The demand for cognitive labour may very well reduce. Fertility is below replacement in all high-income countries and in some others, and it is reaching that state in most countries.
LLMs could plausibly drive fertility near zero, if AI girlfriends / boyfriends / children meet people's emotional needs better than real members of the opposite sex or real children do.
The exceptions to sub-replacement fertility in advanced countries are certain highly religious sub-groups that take a very cautious approach to modern technology and science: people who don't have a lot of use for cognitive labour.
This, of course, is the long run. No need to shut down your blog and learn horse-ploughing just yet.
In the shorter run, Malcolm Collins recently asked the rhetorical question, "why bother burning books when nobody reads anymore?" To a first approximation, he's right. (Me? I 'm a relict of a bygone age.)
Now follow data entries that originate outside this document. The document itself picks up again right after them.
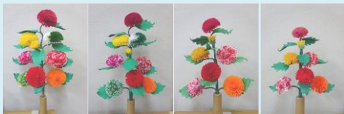
9ツ花(大) 2,900円 9ツ花 2,400円 7ツ花 1,900円 ミニ花 1,700円

会員の方々が、毎日、毎日、コツコツと丹精込めて作る繊細な彼岸花は、芸術品ともいえるもので、例年、新聞やテレビでも紹介されて注目されております。事務所で販売しておりますが、手作業のため製作できる数も限られていますので、お早めにお求めください。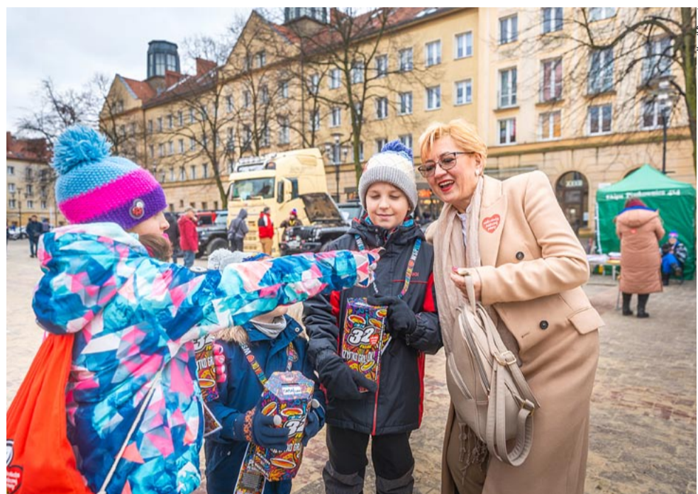
W Tychach dla Orkiestry fundusze zbierało 210 wolontariuszy. To o 10 więcej niż w zeszłym roku.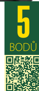
Bruska na nože Graef CX 110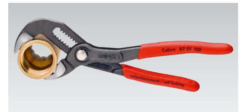
Mini Cobra: En format de poche avec toutes les fonctions de la Cobra. Capacité jusqu'à Ø 30 mm

Towards the end you seem to be assuming that AI cannot autonomously set up a website, conceive of blog posts, write them, and chat in the comments section, all much MUCH better than Scott Alexander can. That assumption is obviously valid right now, and will obviously (I claim) become invalid at some point in the future. In other words, you frame the blog post as "let's leave aside the possibility that AI kills everybody" … but what you're REALLY thinking about and talking about is "let's leave aside the possibility that future researchers will develop real AGI" (as defined here— https://www.lesswrong.com/posts/uxzDLD4WsiyrBjnPw/artificial-general-intelligence-an-extremely-brief-faq ). That's a different assumption. And it's fine to make that assumption! That assumption might be valid for many more years! Or even decades! …But if you're making that assumption, you should say that you're doing so.